BEGIN
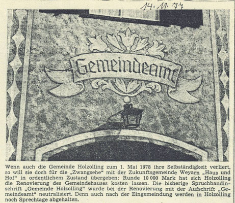 Einweihung am 23. August 1953. Sitz der Gemeindeverwaltung Holzolling bis zur Gebietsreform am 30. April 1978.
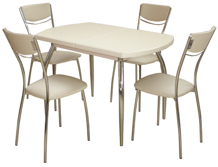 Галерея столов и стульев / Каталог / Столы / Раздвижной стол из МДФ «Толедо ПО», мягкий стул «Омега-4»
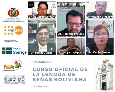 La Dirección de Protección a las Víctimas, Testigos y Miembros del Ministerio Público (DPVTMMP) informó que en coordinación con la Escuela de Fiscales del Estado (EFE), se desarrolla, del 27 de agosto al 12 de septiembre del 2020, el primer “Curso Oficial de la Lengua de Señas Boliviana” modalidad v...
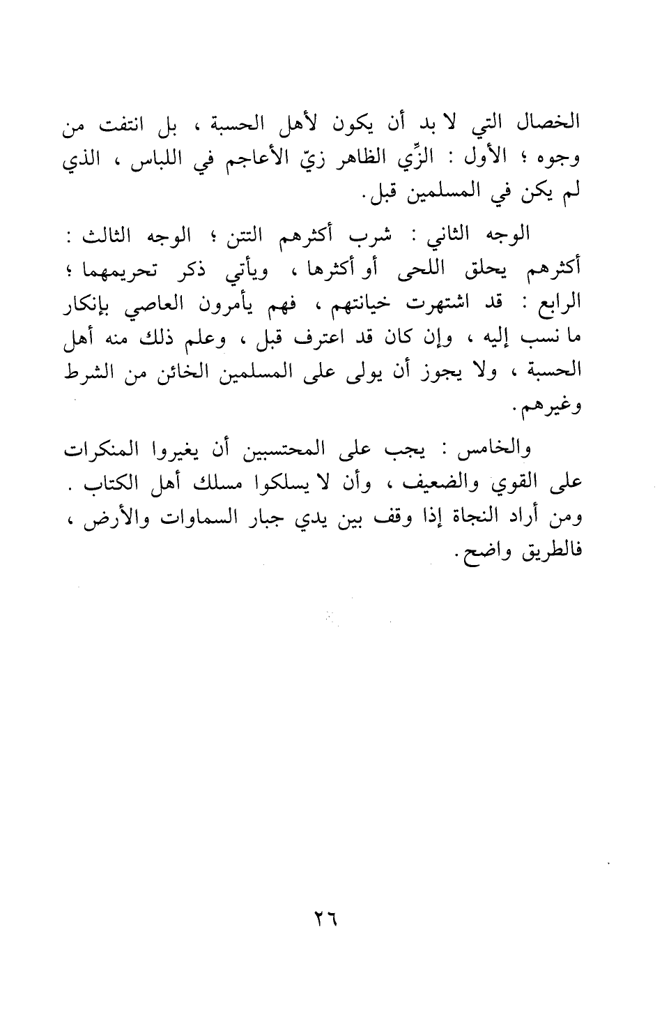 الخصال التي لا بد أن يكون لأهل الحسبة، بل انتفت من وجوه: الأول: الزي الظاهر زي الأعاجم في اللباس، الذي لم يكن في المسلمين قبل.
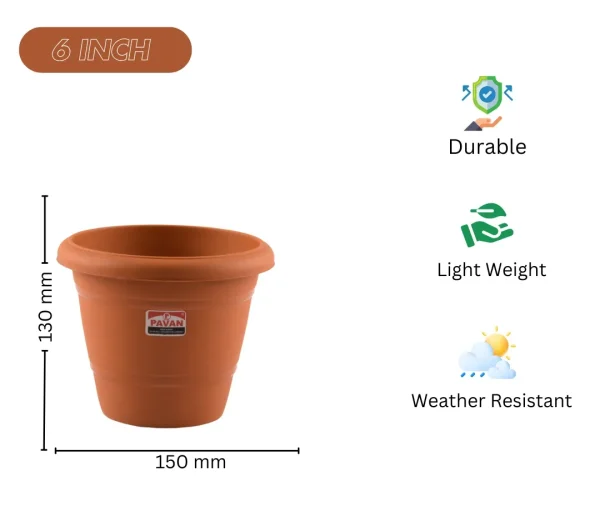 Pavan Flora Planter Pots (6–16 Inch) come in a beautiful brown terracotta finish, adding a natural and elegant look to your home and garden. These planters are designed to suit both modern and traditional décor styles.
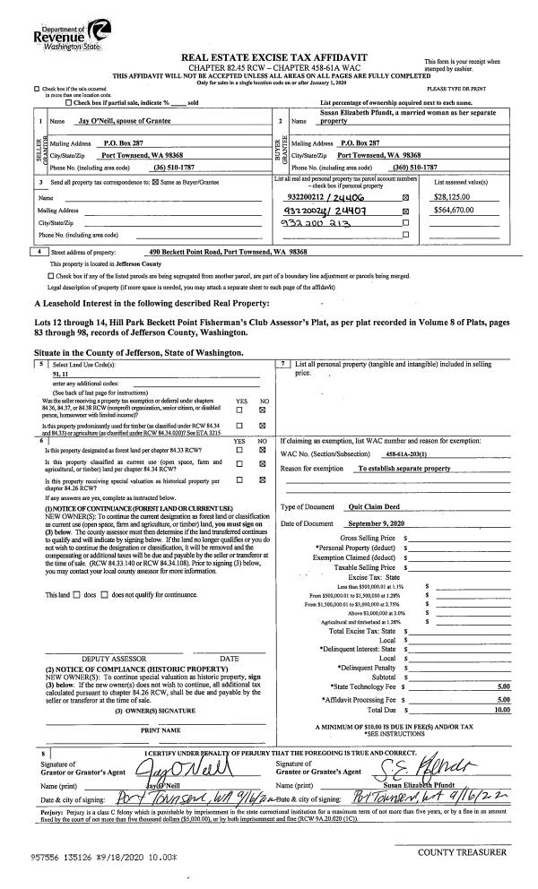 | Mailing Address: | ROBERT V COFER TRUSTEE LAURETTA J COFER TRUSTEE 731 NO NAME RD PORT LUDLOW, WA 98365-8780 | % Ownership: | 100.0000000000% |
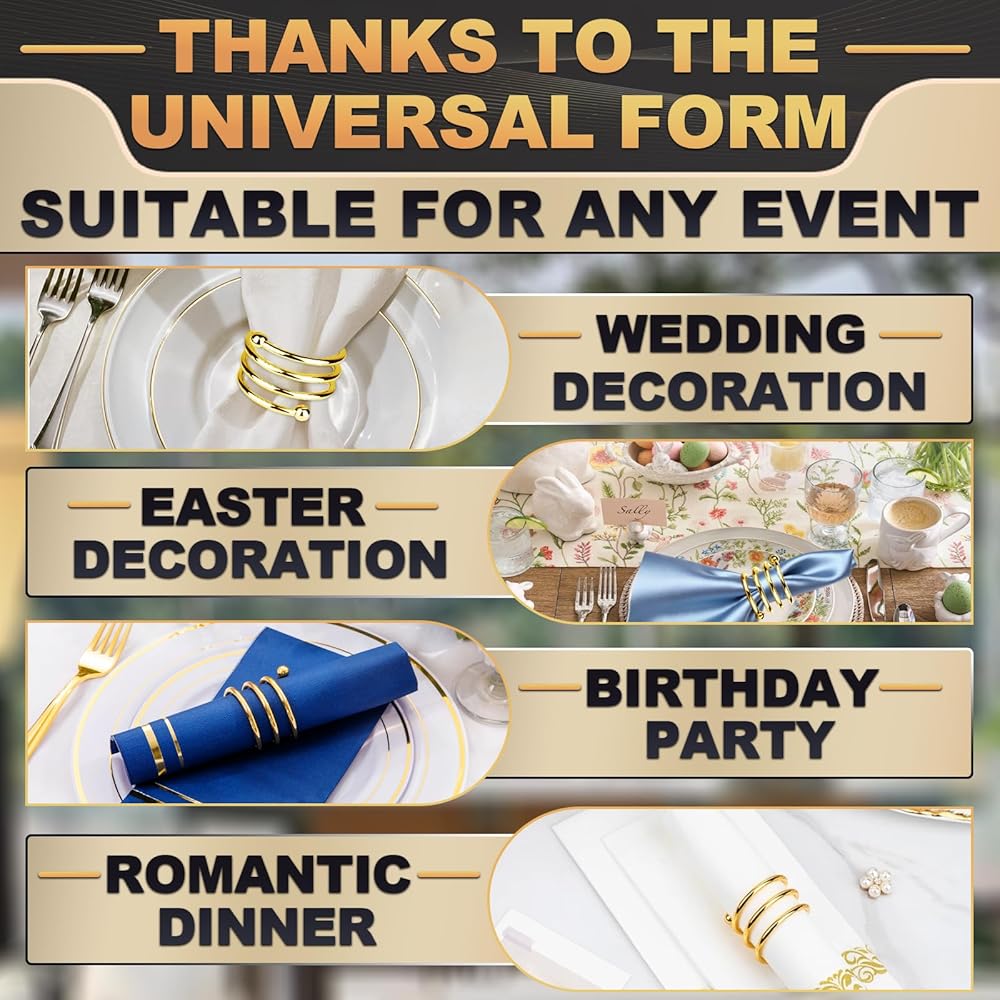 【الأناقة والدفء】: للترفيه عن الضيوف والعشاق، استخدم حلقات المناديل لتتناسب مع أدوات المائدة النبيلة والأنيقة، يحتاج الطعام اللذيذ أيضًا إلى زخرفة رائعة للانطلاق، وإضافة جو أنيق وجميل إلى الحفلة، وجعل عشاءك أكثر دفئًا.
END
> [REQUIRED WORK]:
In the records above, everything from the line with "La Dirección de" down to the line with "Ownership: | 100.0000000000% |" is to be set down exactly, both ends included, with no pictures and no other lines.

> [ANSWER BOX]:
 La Dirección de Protección a las Víctimas, Testigos y Miembros del Ministerio Público (DPVTMMP) informó que en coordinación con la Escuela de Fiscales del Estado (EFE), se desarrolla, del 27 de agosto al 12 de septiembre del 2020, el primer “Curso Oficial de la Lengua de Señas Boliviana” modalidad v...
 الخصال التي لا بد أن يكون لأهل الحسبة، بل انتفت من وجوه: الأول: الزي الظاهر زي الأعاجم في اللباس، الذي لم يكن في المسلمين قبل.
 Pavan Flora Planter Pots (6–16 Inch) come in a beautiful brown terracotta finish, adding a natural and elegant look to your home and garden. These planters are designed to suit both modern and traditional décor styles.
 | Mailing Address: | ROBERT V COFER TRUSTEE LAURETTA J COFER TRUSTEE 731 NO NAME RD PORT LUDLOW, WA 98365-8780 | % Ownership: | 100.0000000000% |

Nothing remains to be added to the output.